What the exercise asks: In the records below, begin at the line that has "- Застекленные. Обычно" and stop after the line that has "So elegant in"; quote those lines verbatim and nothing more.

*** Supplied entries Section Begins ***

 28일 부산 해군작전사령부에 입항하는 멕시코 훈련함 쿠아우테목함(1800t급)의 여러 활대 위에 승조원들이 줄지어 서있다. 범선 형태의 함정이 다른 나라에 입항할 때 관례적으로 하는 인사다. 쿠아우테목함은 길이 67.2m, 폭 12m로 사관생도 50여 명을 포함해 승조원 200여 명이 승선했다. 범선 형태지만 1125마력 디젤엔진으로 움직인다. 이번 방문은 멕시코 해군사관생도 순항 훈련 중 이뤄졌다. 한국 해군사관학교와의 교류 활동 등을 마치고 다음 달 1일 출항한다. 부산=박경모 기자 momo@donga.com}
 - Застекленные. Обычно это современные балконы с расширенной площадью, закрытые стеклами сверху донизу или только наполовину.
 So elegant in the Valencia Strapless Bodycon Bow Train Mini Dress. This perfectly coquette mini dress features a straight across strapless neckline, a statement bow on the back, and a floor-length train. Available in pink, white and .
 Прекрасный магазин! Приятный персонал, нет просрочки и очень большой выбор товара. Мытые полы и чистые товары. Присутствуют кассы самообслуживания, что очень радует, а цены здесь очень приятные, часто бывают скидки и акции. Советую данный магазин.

*** Supplied entries Section Ends ***
*** Supplied entries Section Begins ***

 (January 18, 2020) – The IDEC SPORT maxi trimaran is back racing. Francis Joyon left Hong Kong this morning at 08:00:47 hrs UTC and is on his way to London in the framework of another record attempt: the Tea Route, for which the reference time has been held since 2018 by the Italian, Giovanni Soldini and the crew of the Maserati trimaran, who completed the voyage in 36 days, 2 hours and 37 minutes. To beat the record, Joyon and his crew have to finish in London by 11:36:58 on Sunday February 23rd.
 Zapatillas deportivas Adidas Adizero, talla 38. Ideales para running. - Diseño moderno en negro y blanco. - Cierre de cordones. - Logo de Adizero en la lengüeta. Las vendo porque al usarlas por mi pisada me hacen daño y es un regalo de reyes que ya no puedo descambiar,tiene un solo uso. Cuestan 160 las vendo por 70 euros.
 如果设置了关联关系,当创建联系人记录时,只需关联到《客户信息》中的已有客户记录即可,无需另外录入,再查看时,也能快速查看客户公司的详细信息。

*** Supplied entries Section Ends ***

Task result:
 - Застекленные. Обычно это современные балконы с расширенной площадью, закрытые стеклами сверху донизу или только наполовину.
 So elegant in the Valencia Strapless Bodycon Bow Train Mini Dress. This perfectly coquette mini dress features a straight across strapless neckline, a statement bow on the back, and a floor-length train. Available in pink, white and .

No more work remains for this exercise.